Happy Trails, Steven MacGrieves
The initial question/suggestion was to place a visible advisory that the wikipedia contains information that some people might find objectionable. From there, there were many straw men raised about the POV-ness of "objectionable". Me, I agree that lots of stuff might be objectionable (-- and so what?), but that there are certain (mostly) sexually explicit articles that your average surfer might not expect to find, and that even a fairly conscientious parent (or child, in Jimmy's case) might miss when glancing over the site for age-appropriateness (or even some kind of family-imposed moral or religious code -- unless KQ, Erik, et al. mean to suggest that parents should not be allowed any say in when they want their children intentionally exposed to certain information -- religious, political, sexual, whatever, by religious, atheist, or just plain struggling-through-something-far-too-easy-to-screw-up-and-don't-need-inp ut-from-strangers parents, that is).
The entire conversation has been not-very-subtly changed to be one over filters and wikipedia-imposed censorship. It's one that I consider to be total bullshit, by the way -- well-calculated deviation that blurs any dealing with any type of deeper social responsibility. Some of you have managed to prove that Thatcherism is not dead (you know, the nice lady who said "there is no such thing as 'society'"?). Nor is the ridiculous world of Ayn Rand, where one can pretend that one's actions have no wider consequences than those other people allow them to have.
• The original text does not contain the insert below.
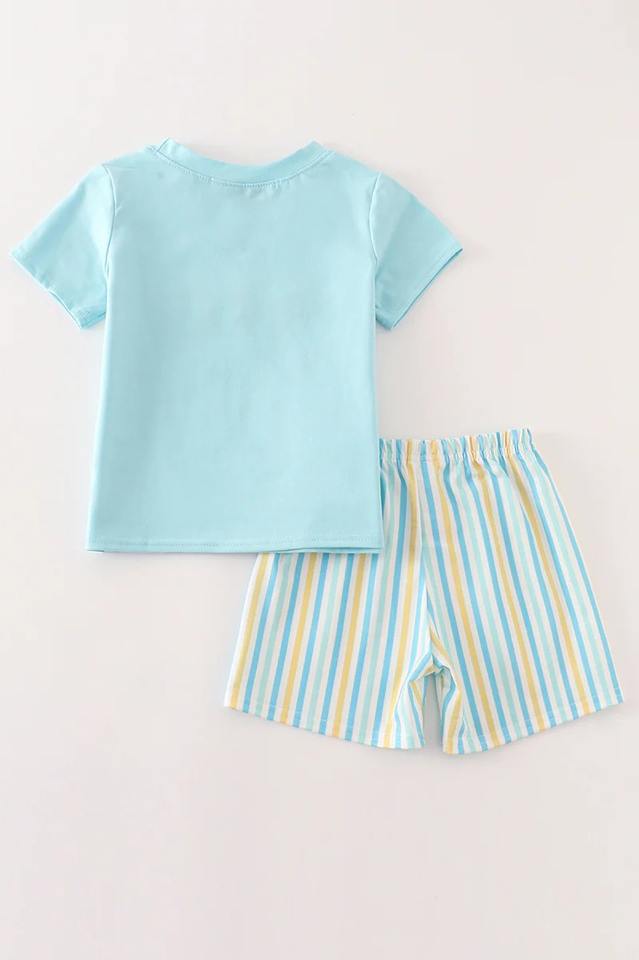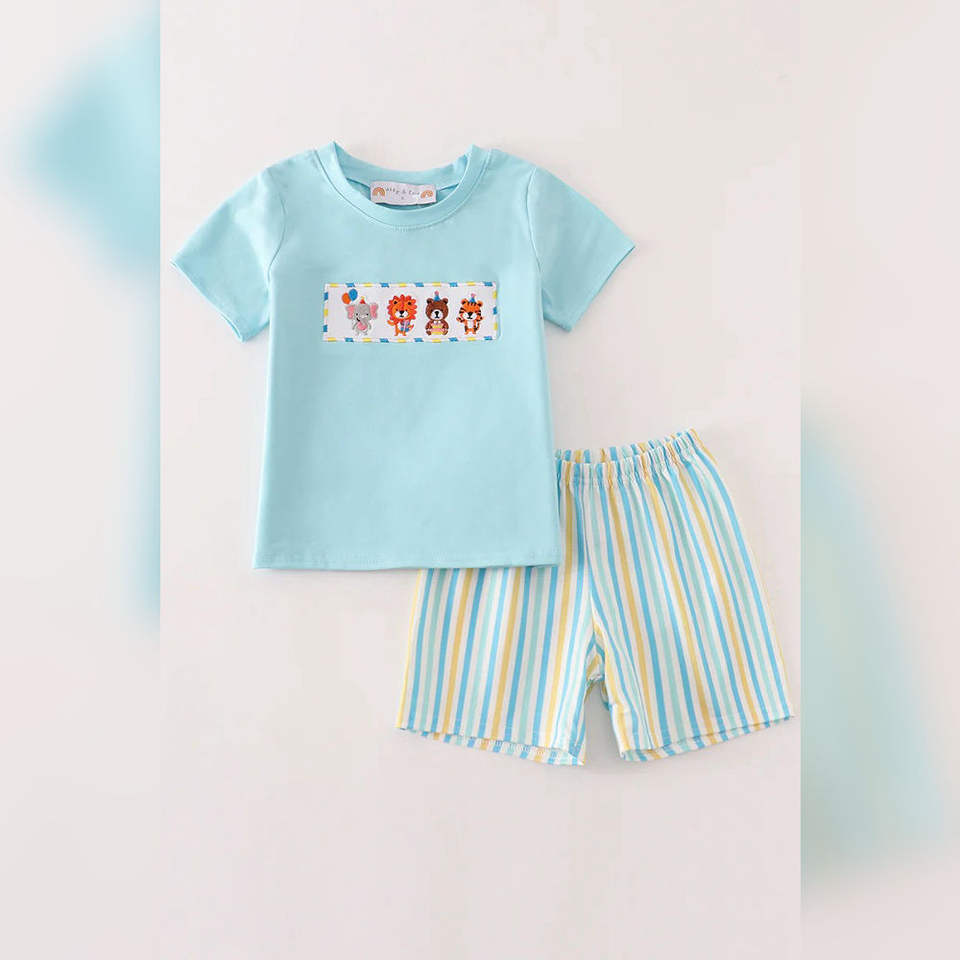 ชุดเสื้อผ้าเด็กผู้ชายผ้าสแปนเด็กซ์/คอตตอน ดีไซน์ปักลายสัตว์สีน้ำเงิน สวมใส่สบาย สไตล์ลำลองสมาร์ท ชุดเด็ก Honeydew สำหรับวันเกิด

How utterly depressing that so many people who consider it important to write very good articles that raise awareness of the global interconnections of scientific, political, and religious issues (among others) refuse to accept that their own actions (or refusal to act) might also have widespread effects.
How very sad that the very people
who consistently argue for NPOV try to use it as some kind of shield of non-censorship, thus forcing their own POV on others. Please don't say you aren't -- there have been all too many "religion and prudery damage kids, and they'd learn this stuff anyway, so it might as well be right" arguments to deny it. What is more NPOV than to say clearly on the main page that the wikipedia respects the fact that people operate under many different value systems, and that there may be information on the site that could be objectionable?
Oh -- and BTW, if we stuck to "wikipedia is not a dictionary", most of the articles that make a lot of wikipedians squeamish would be deleted anyway -- my guess is that no one wants to be seen as less than open-minded. Felching is certainly a dictionary-type definition.
And also -- DW is dangerous in any form. I'm almost positive he was also Triton, and Jacques Delson. The time he takes from other people's efforts is hardly worth any contributions. HJ also made some very good contributions.